→ **Task directions**
The copy has to match the records word for word and include no pictures.

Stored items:
━━━━━━

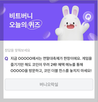 "지금 OOOOO에서는 연말대축제가 한창이에요. 게임을 즐기기만 해도 코인이 무료 2배!
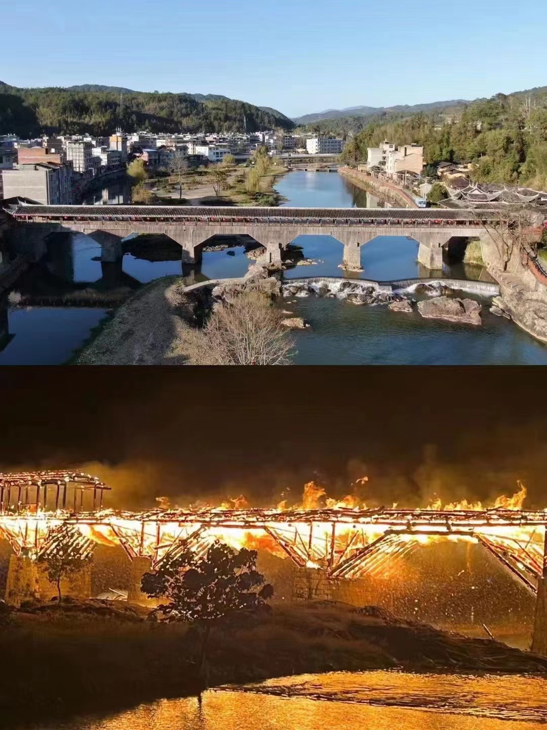 万安桥火灾前、火灾中对比。受访者供图
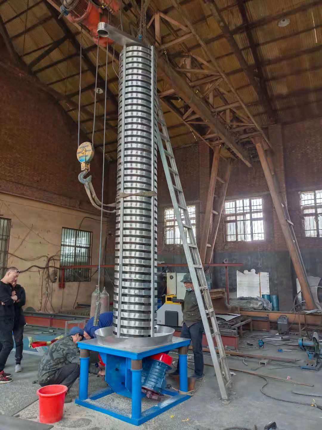 该设备的驱动装置,即振动电机安装在输送塔下部,两台振动电机对称交叉安装,输送塔由管体和焊接在管体周围的螺旋输送槽组成,输送塔座于减振装置上,减振装置由底座和隔振弹簧组成。当垂直输送机工作时,根据双振动电机自同步原理,由振动电机产生激振力,强迫整个输送塔体作水平圆运动和向上垂直运动的空间复合振动,螺旋槽内的物料则受输送槽的作用,作匀速抛掷圆运动,沿输送槽体向上运动,从而完成物料的向上输送作业、/span>
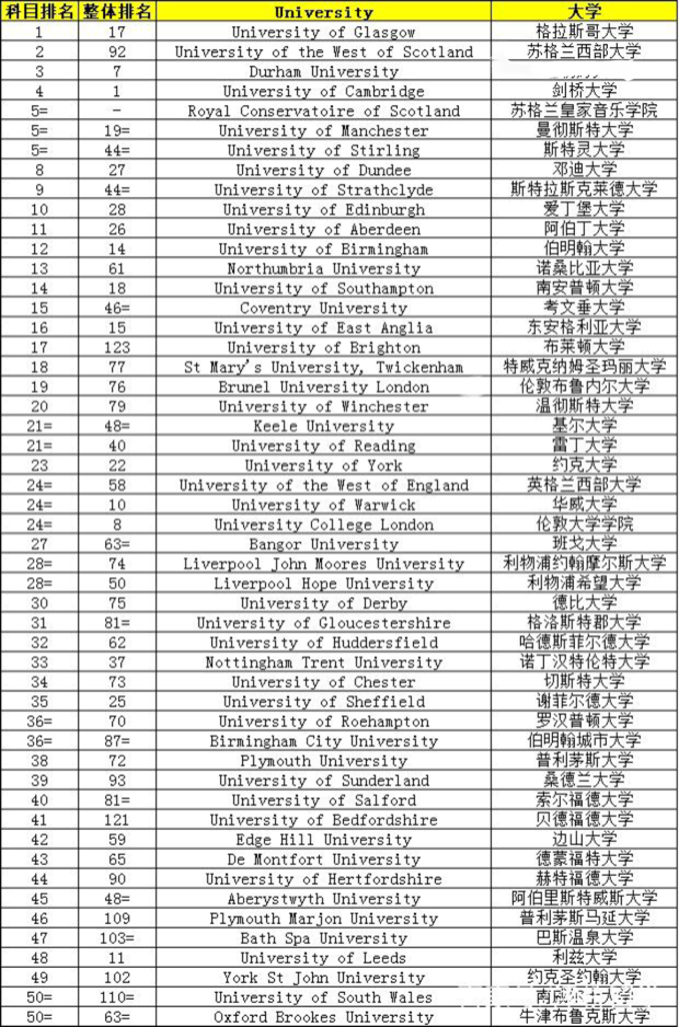 以下是 2019TIMES 英国大学教育学专业排名 TOP50 院校榜单,供大家选校参考
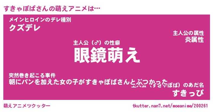 | 男性向けラノベタイトル風あだ名 | 『すきゃぽばの憂鬱』 |
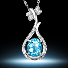 6克拉托帕石水晶项链吊坠女短款锁骨链925银海洋之心形首饰品
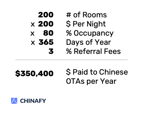 For example: If 20% of travellers are from China, and Hotel has 200 rooms, this is $350k per annum in fees
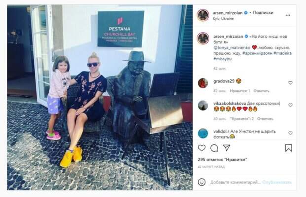 У певицы есть есть дочь Уляна от первых отношений, а в 2016 году исполнительница родила вторую дочь от Арсена Мирзояна, которую назвала Ниной. Пара жила в гражданском браке, а через год решила узаконить отношения. Сейчас Тоня отправилась с младшей дочерью отдыхать на Мадейру, остров в 500 км западного побережья Африки. Арсен у себя на страничке в Инстаграм решил показать снимок супруги и дочери. Звезда сидела в платье, а образ дополнила яркими кроссовками. Рядом стояла дочь в шортиках и толстовке. Мама с малышкой были у памятника Черчиллю. "На его месте должен быть я. Тоня, люблю, скучаю, работаю, жду", - написал Мирзоян. Фанаты поставили более 200 лайков и написали комментарии: "Две красотки", "Но Уинстон не шарит фоткать". Напомним, муж Тони Матвиенко Мирзоян попал впросак на "Співають всі" из-за песни Каменских Также Politeka сообщала, что муж Тони Матвиенко Мирзоян занялся готовкой морского "чудища", фото А еще Politeka писала, что жена Мирзояна Тоня Матвиенко в эффектном мини выставила напоказ ножки
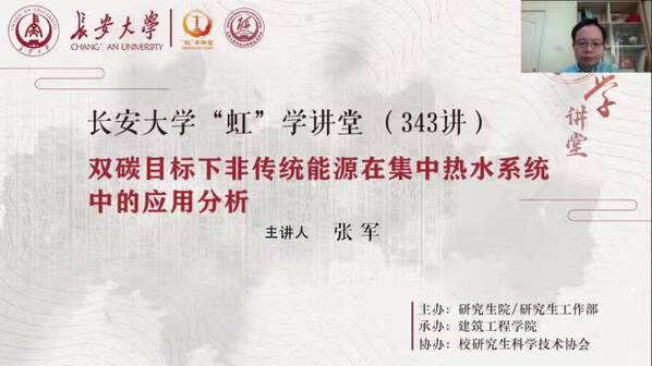 1月18日下午,由研究生院/研究生工作部主辦、建筑工程學院承辦、校研究生科學技術協(xié)會協(xié)辦的“虹”學講堂第343講以線上講座形式順利舉辦。中國建筑西北設計研究院有限公司教授級高級工程師張軍作了題為“雙碳目標下非傳統(tǒng)能源在集中生活熱水系統(tǒng)中的應用分析”的報告,相關學院共330余名師生參加了講座。
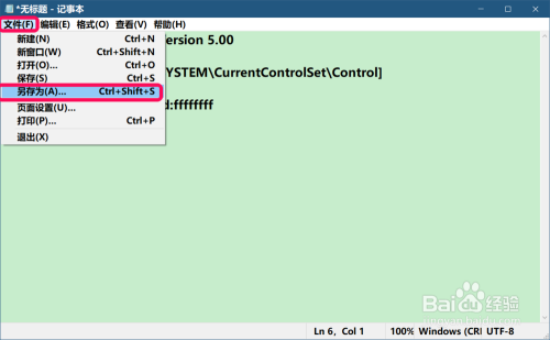 点击记事本左上角的【文件】,鄙人拉菜单中点击【另存为】或 按下键盘上的Ctrl+Shift+S组合键,打开另存为窗口;
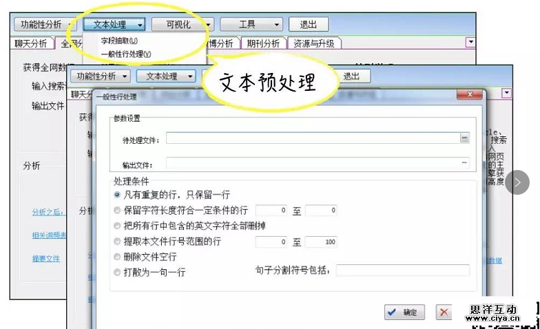 用户在网络上的书写表达非常随意多样,汉字中夹杂数字、字母、符号;语句段落的表达间断不完整,还会出现大量重复的短语短句,比如有的人会评论“棒棒棒棒”“太太太太差了“。文本清洗首要是把这些噪音数据清洗掉。ROST的“文本处理”功能可以用来进行文本清洗。
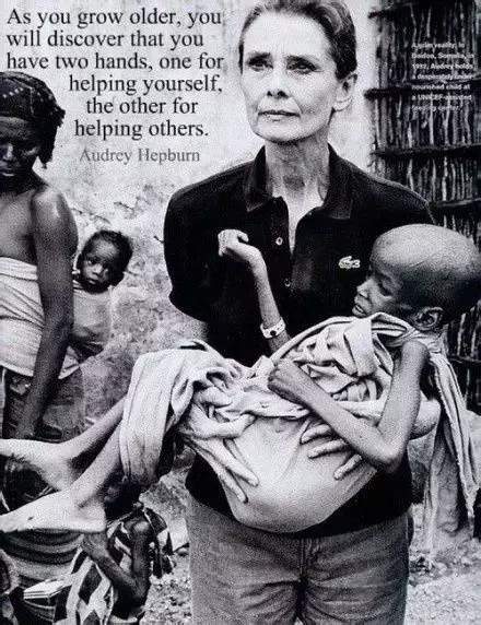 甚至在患上癌症后,赫本仍然强忍病痛奔赴索马里看望因饥荒而命悬一线的儿童,仍然半蹲着喂孩子们吃饭。而她临终前也还念叨着:“我不明白,为什么世界上总有这么多无辜的小孩子经受着如此残酷的考验……”
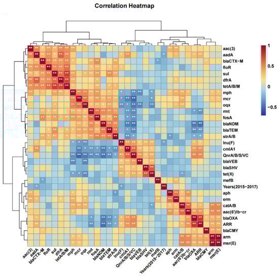 Heatmap and cluster analysis for correlation between resistance gene-related factors using the Euclidean and Ward.D of hcluster (hierarchical clustering) method based on Kendall (positive correlation threshold > 0.5, negative correlation threshold < −0.5, and threshold of p value < 0.01) (* p < 0.05; ** p < 0.01).
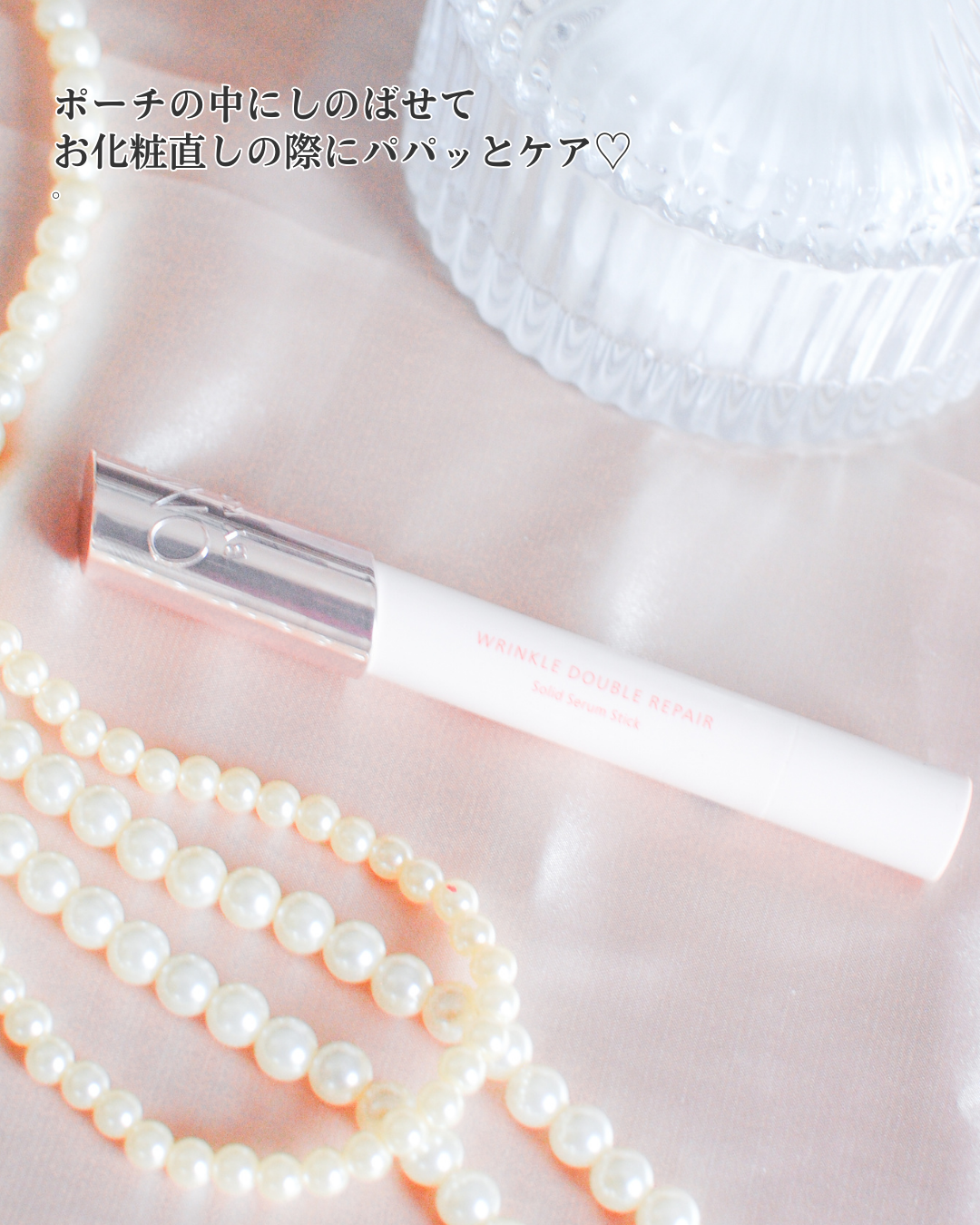 - 【医薬部外品】 24時間いつでもどこでもひと塗り。シワを瞬時にぼかし*1、本格的なシワ改善・美白*2・保湿ケアまで叶える薬用スティック状美容液です。 日中、シワが気になったら、ササッとシワぼかし ●ソフトフォーカス成分が光を拡散。凹んで暗く見えがちなシワを、瞬時に目立ちにくくします。また、肌に溶け込むピンクベージュ色のベースが、シワを明るくぼかします。 シワ改善&美白有効成分「リンクルホワイトN*3」配合 ●真皮と表皮の2 層にはたらきかけ、シワを改善。さらに、メラニンの生成を抑え、シミ・ソバカスを防ぎます。 ●高密封処方を採用し、うるおいが持続シールド感の高いワックス状・ペースト状のオイルを配合。肌と一体化するようになじみ、日中もうるおいを密封します。 メイクの上からも使いやすい、心地よい感触 ●オイルベースにリンクルホワイトN を配合した、コーセー独自処方。メイクの上から使ってもファンデーションがヨレにくいのびの軽さと、適度な密着感を実現。あと肌のベタつきやズルつきもないので、もちろん、メイク前にもご使用いただけます。 ●やすらぐグリーンフローラルの香り ●アレルギーテスト済み*4 ●パッチテスト済み*4 *1 粉体のメイクアップ効果 *2 メラニンの生成を抑え、シミ・ソバカスを防ぐこと *3 ナイアシンアミド、アスタキサンチンはアスタキサンチンH、低分子コラーゲンはコラーゲン・トリペプチド F、低分子ヒアルロン酸は加水分解ヒアルロン酸、ソフトフォーカス成分は架橋ポリスチレン・メチルシロキサン網状重合体です。 *4 すべてのかたにアレルギーや皮膚刺激が起きないというわけではありません。
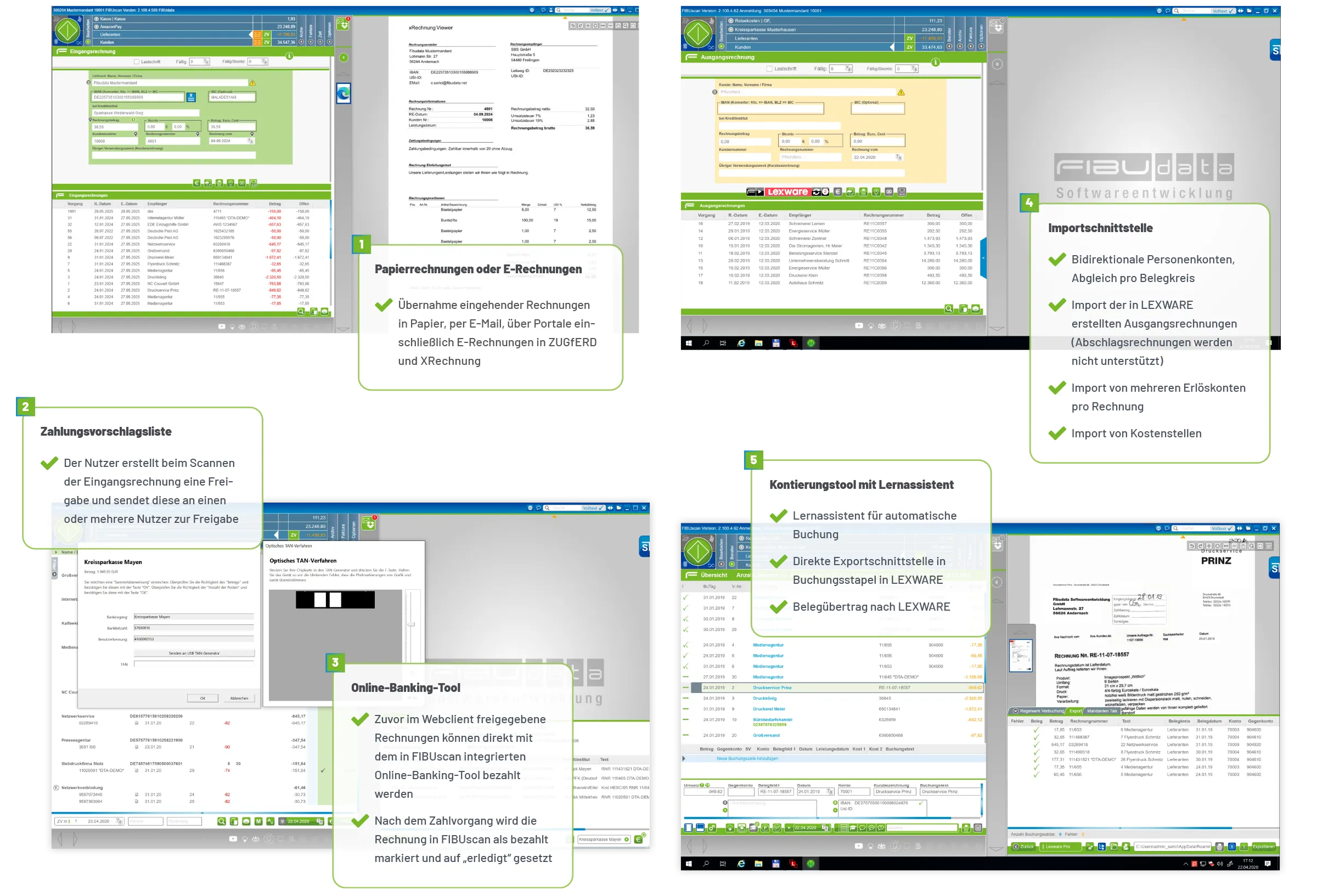 Lexware ist die Grundlage für eine professionelle Warenwirtschaft und Buchhaltung. FIBUscan erweitert Lexware On-Premise-Lösungen um die digitale Rechnungsbearbeitung und Dokumenten-Management-System – so einfach wie noch nie. So entsteht eine durchgängige, automatisierte Belegverarbeitung. Die digitale Belegerfassung, eine komfortable Verbuchung sowie das integrierte Online-Banking beschleunigen und vereinfachen die tägliche Büro- und Buchhaltungsarbeit spürbar.

━━━━━━

→ **Problem solution**
 "지금 OOOOO에서는 연말대축제가 한창이에요. 게임을 즐기기만 해도 코인이 무료 2배!
 万安桥火灾前、火灾中对比。受访者供图
 该设备的驱动装置,即振动电机安装在输送塔下部,两台振动电机对称交叉安装,输送塔由管体和焊接在管体周围的螺旋输送槽组成,输送塔座于减振装置上,减振装置由底座和隔振弹簧组成。当垂直输送机工作时,根据双振动电机自同步原理,由振动电机产生激振力,强迫整个输送塔体作水平圆运动和向上垂直运动的空间复合振动,螺旋槽内的物料则受输送槽的作用,作匀速抛掷圆运动,沿输送槽体向上运动,从而完成物料的向上输送作业、/span>
 以下是 2019TIMES 英国大学教育学专业排名 TOP50 院校榜单,供大家选校参考
 | 男性向けラノベタイトル風あだ名 | 『すきゃぽばの憂鬱』 |
 6克拉托帕石水晶项链吊坠女短款锁骨链925银海洋之心形首饰品
 For example: If 20% of travellers are from China, and Hotel has 200 rooms, this is $350k per annum in fees
 У певицы есть есть дочь Уляна от первых отношений, а в 2016 году исполнительница родила вторую дочь от Арсена Мирзояна, которую назвала Ниной. Пара жила в гражданском браке, а через год решила узаконить отношения. Сейчас Тоня отправилась с младшей дочерью отдыхать на Мадейру, остров в 500 км западного побережья Африки. Арсен у себя на страничке в Инстаграм решил показать снимок супруги и дочери. Звезда сидела в платье, а образ дополнила яркими кроссовками. Рядом стояла дочь в шортиках и толстовке. Мама с малышкой были у памятника Черчиллю. "На его месте должен быть я. Тоня, люблю, скучаю, работаю, жду", - написал Мирзоян. Фанаты поставили более 200 лайков и написали комментарии: "Две красотки", "Но Уинстон не шарит фоткать". Напомним, муж Тони Матвиенко Мирзоян попал впросак на "Співають всі" из-за песни Каменских Также Politeka сообщала, что муж Тони Матвиенко Мирзоян занялся готовкой морского "чудища", фото А еще Politeka писала, что жена Мирзояна Тоня Матвиенко в эффектном мини выставила напоказ ножки
 1月18日下午,由研究生院/研究生工作部主辦、建筑工程學院承辦、校研究生科學技術協(xié)會協(xié)辦的“虹”學講堂第343講以線上講座形式順利舉辦。中國建筑西北設計研究院有限公司教授級高級工程師張軍作了題為“雙碳目標下非傳統(tǒng)能源在集中生活熱水系統(tǒng)中的應用分析”的報告,相關學院共330余名師生參加了講座。
 点击记事本左上角的【文件】,鄙人拉菜单中点击【另存为】或 按下键盘上的Ctrl+Shift+S组合键,打开另存为窗口;
 用户在网络上的书写表达非常随意多样,汉字中夹杂数字、字母、符号;语句段落的表达间断不完整,还会出现大量重复的短语短句,比如有的人会评论“棒棒棒棒”“太太太太差了“。文本清洗首要是把这些噪音数据清洗掉。ROST的“文本处理”功能可以用来进行文本清洗。
 甚至在患上癌症后,赫本仍然强忍病痛奔赴索马里看望因饥荒而命悬一线的儿童,仍然半蹲着喂孩子们吃饭。而她临终前也还念叨着:“我不明白,为什么世界上总有这么多无辜的小孩子经受着如此残酷的考验……”
 Heatmap and cluster analysis for correlation between resistance gene-related factors using the Euclidean and Ward.D of hcluster (hierarchical clustering) method based on Kendall (positive correlation threshold > 0.5, negative correlation threshold < −0.5, and threshold of p value < 0.01) (* p < 0.05; ** p < 0.01).
 - 【医薬部外品】 24時間いつでもどこでもひと塗り。シワを瞬時にぼかし*1、本格的なシワ改善・美白*2・保湿ケアまで叶える薬用スティック状美容液です。 日中、シワが気になったら、ササッとシワぼかし ●ソフトフォーカス成分が光を拡散。凹んで暗く見えがちなシワを、瞬時に目立ちにくくします。また、肌に溶け込むピンクベージュ色のベースが、シワを明るくぼかします。 シワ改善&美白有効成分「リンクルホワイトN*3」配合 ●真皮と表皮の2 層にはたらきかけ、シワを改善。さらに、メラニンの生成を抑え、シミ・ソバカスを防ぎます。 ●高密封処方を採用し、うるおいが持続シールド感の高いワックス状・ペースト状のオイルを配合。肌と一体化するようになじみ、日中もうるおいを密封します。 メイクの上からも使いやすい、心地よい感触 ●オイルベースにリンクルホワイトN を配合した、コーセー独自処方。メイクの上から使ってもファンデーションがヨレにくいのびの軽さと、適度な密着感を実現。あと肌のベタつきやズルつきもないので、もちろん、メイク前にもご使用いただけます。 ●やすらぐグリーンフローラルの香り ●アレルギーテスト済み*4 ●パッチテスト済み*4 *1 粉体のメイクアップ効果 *2 メラニンの生成を抑え、シミ・ソバカスを防ぐこと *3 ナイアシンアミド、アスタキサンチンはアスタキサンチンH、低分子コラーゲンはコラーゲン・トリペプチド F、低分子ヒアルロン酸は加水分解ヒアルロン酸、ソフトフォーカス成分は架橋ポリスチレン・メチルシロキサン網状重合体です。 *4 すべてのかたにアレルギーや皮膚刺激が起きないというわけではありません。
 Lexware ist die Grundlage für eine professionelle Warenwirtschaft und Buchhaltung. FIBUscan erweitert Lexware On-Premise-Lösungen um die digitale Rechnungsbearbeitung und Dokumenten-Management-System – so einfach wie noch nie. So entsteht eine durchgängige, automatisierte Belegverarbeitung. Die digitale Belegerfassung, eine komfortable Verbuchung sowie das integrierte Online-Banking beschleunigen und vereinfachen die tägliche Büro- und Buchhaltungsarbeit spürbar.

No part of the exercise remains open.